Henry did not ask how General Yao happened to know what the president of the United States had been briefed on and how he reacted. His demeanor suggested that he just took it for granted that Yao knew what he was talking about.
“It’s only a matter of time before your government sees the future, or the possible lack of it, and decides to save itself,” General Yao said in his reasonable manner. “After that will come the European Union, Russia, Japan, India. And private enterprise, which is already busy—meaning you, of course.”
“Not China?”
“That’s a different question. But my government is worried. We fear this situation is a recipe for space war.”
“Which Henry Peel will have caused?” Henry said.
“Quite possibly. You mean well, Henry. You are greatly admired in this country. The whole world owes you its gratitude for your inventions and for what you’re trying to do by virtuous stealth to preserve civilization. But if your work is mistaken by the American government for a Chinese plot to conquer space, which could only mean to a mind like the president’s that China intends to conquer the United States, the speed with which things could get out of hand could take the world’s breath away.”
Henry gave General Yao a very long look. He said, “I hear what you’re saying to me, General. May I ask why you’re saying it?”
General Yao stopped smiling. The difference this made in his appearance was astonishing. The light in his smooth countenance went out as if a circuit breaker had popped. His eyes dulled, his complexion became a shade darker.

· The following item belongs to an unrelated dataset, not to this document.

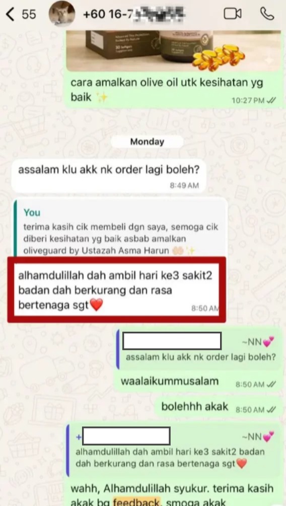 "Baru hari ke-3 dah dapat rasa kesan baik Olive Guard+. Sakit-sakit badan kurang, badan makin bertenaga."
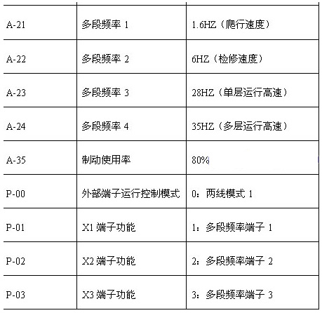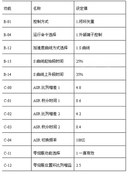 电梯调试中对舒适度要求很高,客梯要求更高,所以在调试中对变频器的速度曲线使用了S曲线,控制器在启动和停机过程中会有一定的零速间隔时间,于是开启了零伺服功能,保证变频器在设置频率为0时,仍有足够大的力矩输出,由于有编码器脉冲反馈,使用了闭环矢量控制,具体调试过程中分为几个步骤:首先请电梯公司工程调试人员将箱吊起来,输入电机铭牌参数,并进行电机参数自学习,然后电梯重新安装好,进行参数设置,并试运行,进一步修正变频器参数,使电梯运行达到满意的效果,部分主要功能参数设定如下:

“I was not told why I should deliver this briefing, Henry,” he said. “But I hope nevertheless that you are hearing what I am saying to you.”
3
I FLEW OUT THE NEXT morning. Henry remained behind. As usual, there were no good-byes. In Newark, Melissa, whom I had not seen for weeks, was waiting for me outside customs. In her severe dark suit and perfect maquillage, she looked every bit the big-time Wall Street lawyer.
“Henry has a surprise for you,” she said.
“What kind of a surprise?”
“If I told you that, it wouldn’t be a surprise.”
On the drive into the city, we talked about her children. They were teenagers now. The girl was beautiful and boy-crazy. Melissa suspected her son, who was a soccer star, of taking steroids. She suspected both kids of living dangerously behind her back. With their looks and allowances, how could things be otherwise? As a single mother, Melissa was a worrier and a spy. She had a tracking device that could pinpoint both kids’ precise whereabouts by locating their cell phones. It wouldn’t have surprised me if she implanted computer chips beneath their skin.
The car pulled up in front of an apartment building on Central Park West. The doorman watched appreciatively as Melissa’s very long legs unfolded from the backseat.
“Hello, Edward,” Melissa said. “Remember this lady.”
In the elevator, Melissa provided a short biography of the doorman. Edward was a retired army sergeant, a former member of Delta Force who had gone on secret missions all over the world, shooting bad guys and rescuing good guys. All the other doormen were ex–Delta Force or Navy Seals or had even more impressive top-secret résumés.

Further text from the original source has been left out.